• _WORK INSTRUCTION_: The lines from the one containing "Carpa de Sauna" through the final line of the listing below are what the answer must repeat, exactly and only, leaving pictures out.

[TASK DATA]

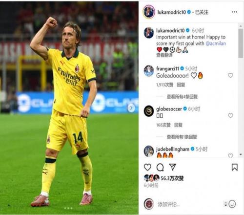 莫德里奇社媒晒出比赛照片,并写道:“在主场取得重要胜利!很高兴攻入我在米兰的首粒进球。”
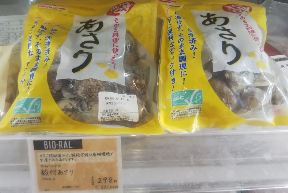 厳格な基準を満たした養殖場で生産された「ASC認証」のあさりを冷凍食品コーナーで取り扱いいたします。
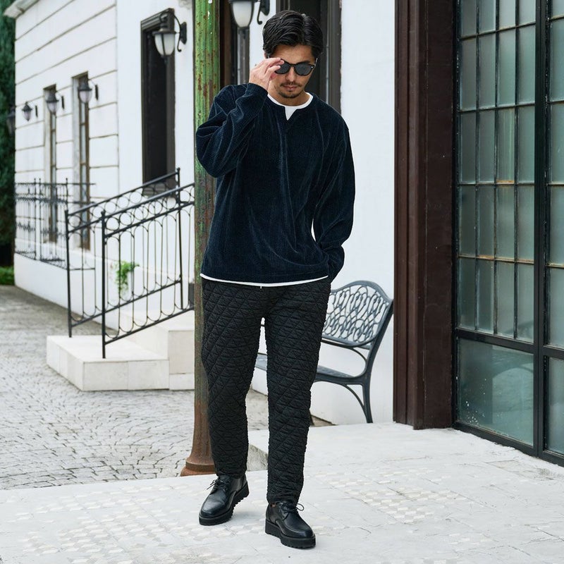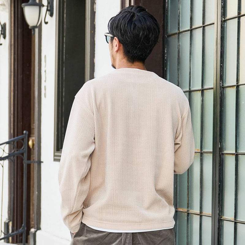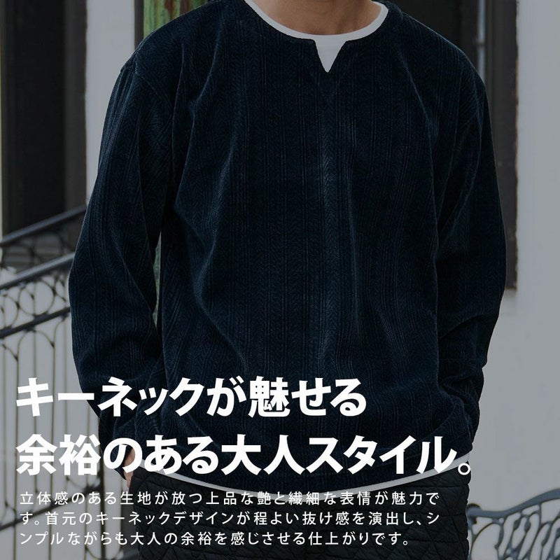 首元のキーネックデザインが程よい抜け感を演出し、シンプルながらも大人の余裕を感じさせる仕上がりです。
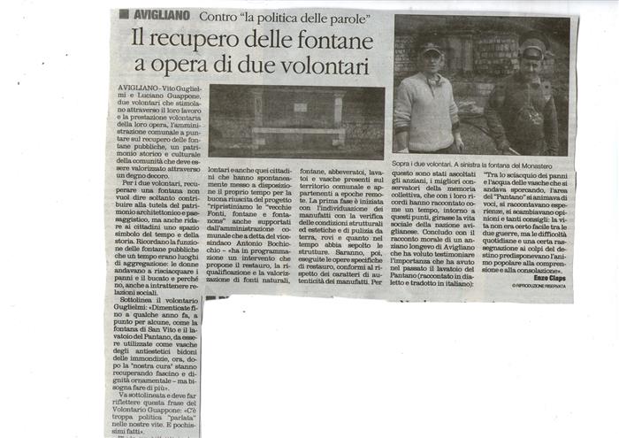 Avigliano: Vito Guglielmi e Luciano Guappone, due volontari che stimolano attraverso il loro lavoro e la prestazione volontaria della loro opera, l’amministrazione comunale a puntare sul recupero delle fontane pubbliche, un patrimonio storico e culturale della comunità che deve essere valorizzato attraverso un degno decoro. Per i due volontari, recuperare una fontana non vuol dire soltanto contribuire alla tutela del patrimonio architettonico e paesaggistico, ma anche ridare ai cittadini uno spazio simbolo del tempo e della storia. Ricordano la funzione delle fontane pubbliche che un tempo erano luoghi di aggregazione: le donne andavano a risciacquare i panni e il bucato e perché no, anche a intrattenere relazioni sociali. Per meglio capirci, sottolinea il volontario Guglielmi: “Quelle che oggi chiameremo chiacchiere da salotto.” – Continua – “Dimenticate fino a qualche anno fa, a punto per alcune, come la fontana di San Vito e il lavatoio del Pantano, da essere utilizzate come vasche degli antiestetici bidoni delle immondizie, ora, dopo la "nostra cura" stanno recuperando fascino e dignità ornamentale – ma bisogna fare di più”.Va sottolineata e deve far riflettere questa frase del Volontario Guappone – “C’è troppa politica “parlata” nelle nostre vite. E pochissimi fatti”. E’ in quest’ottica che stanno operando i due volontari e anche quei cittadini che hanno spontaneamente messo a disposizione il proprio tempo per la buona riuscita del progetto “ripristiniamo le “vecchie Fonti, fontane e fontanons” anche supportati dall’amministrazione comunale che a detta del vicesindaco Antonio Bochicchio – “ha in programmazione un intervento che propone il restauro, la riqualificazione e la valorizzazione di fonti naturali, fontane, abbeveratoi, lavatoi e vasche presenti sul territorio comunale e appartenenti a epoche remote. La prima fase è iniziata con l’individuazione dei manufatti con la verifica delle condizioni strutturali ed estetiche e di pulizia da terra, rovi e quanto nel tempo abbia sepolto le strutture. Saranno, poi, eseguite le opere specifiche di restauro, conformi al rispetto dei caratteri di autenticità dei manufatti. Per questo sono stati ascoltati gli anziani, i migliori conservatori della memoria collettiva, che con i loro ricordi hanno raccontato come un tempo, intorno a questi punti, girasse la vita sociale della nazione aviglianese. Concludo con il racconto morale di un anziano longevo di Avigliano che ha voluto testimoniare l’importanza che ha avuto nel passato il lavatoio del Pantano (raccontato in dialetto e tradotto in italiano): “Tra lo sciacquio dei panni e l'acqua delle vasche che si andava sporcando, l'area del “Pantano” si animava di voci, si raccontavano esperienze, si scambiavano opinioni e tanti consigli: la vita non era certo facile tra le due guerre, ma le difficoltà quotidiane e una certa rassegnazione ai colpi del destino predisponevano l'animo popolare alla comprensione e alla consolazione.”.
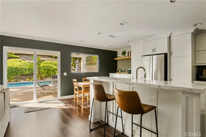 Nestled on a peaceful cul-de-sac in the highly desirable community of Mission Viejo, this beautifully appointed two-story home offers approximately 2,573 square feet of thoughtfully designed living space with 4 bedrooms and 3 bathrooms. The open-concept floorplan creates a seamless flow ideal for both everyday living and entertaining. The upgraded kitchen is the heart of the home, featuring quartz countertops, shaker-style cabinetry, stainless steel appliances, and a professional-style 6-burner stove. The kitchen opens directly to the cozy family room, where a warm fireplace creates an inviting space for gatherings and relaxation. Upstairs, a spacious bonus room offers flexible living space perfect for a media room, playroom, or home office. Step outside to a private backyard retreat designed for enjoyment year-round. The beautiful pool is complemented by low-maintenance artificial turf, a built-in fire pit, and a charming outdoor seating area—perfect for entertaining or unwinding in the peaceful, upscale surroundings. Additional highlights include solar, generous living spaces, and access to the many recreational amenities and outdoor opportunities that make Mission Viejo such a sought-after place to live.
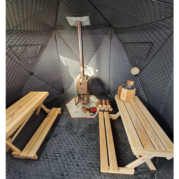 Carpa de Sauna Portátil Ligera ALMI-Flex, Impermeable, de Triple Capa, con Dos Habitaciones, para Acampar al Aire Libre en Tres Estaciones
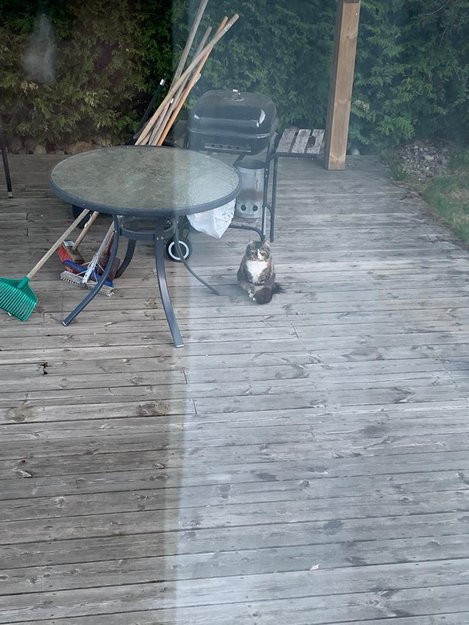 Katten har besøkt hagen min hver dag siden midten av april. Den pleier å komme på alle tider av døgnet. Den har ingen halsbånd. Katten er veldig skvetten. Jeg har matet den i noen uker siden den ikke får mat noen andre steder.

[/TASK DATA]

• _FINISHED TASK_:
 Carpa de Sauna Portátil Ligera ALMI-Flex, Impermeable, de Triple Capa, con Dos Habitaciones, para Acampar al Aire Libre en Tres Estaciones
 Katten har besøkt hagen min hver dag siden midten av april. Den pleier å komme på alle tider av døgnet. Den har ingen halsbånd. Katten er veldig skvetten. Jeg har matet den i noen uker siden den ikke får mat noen andre steder.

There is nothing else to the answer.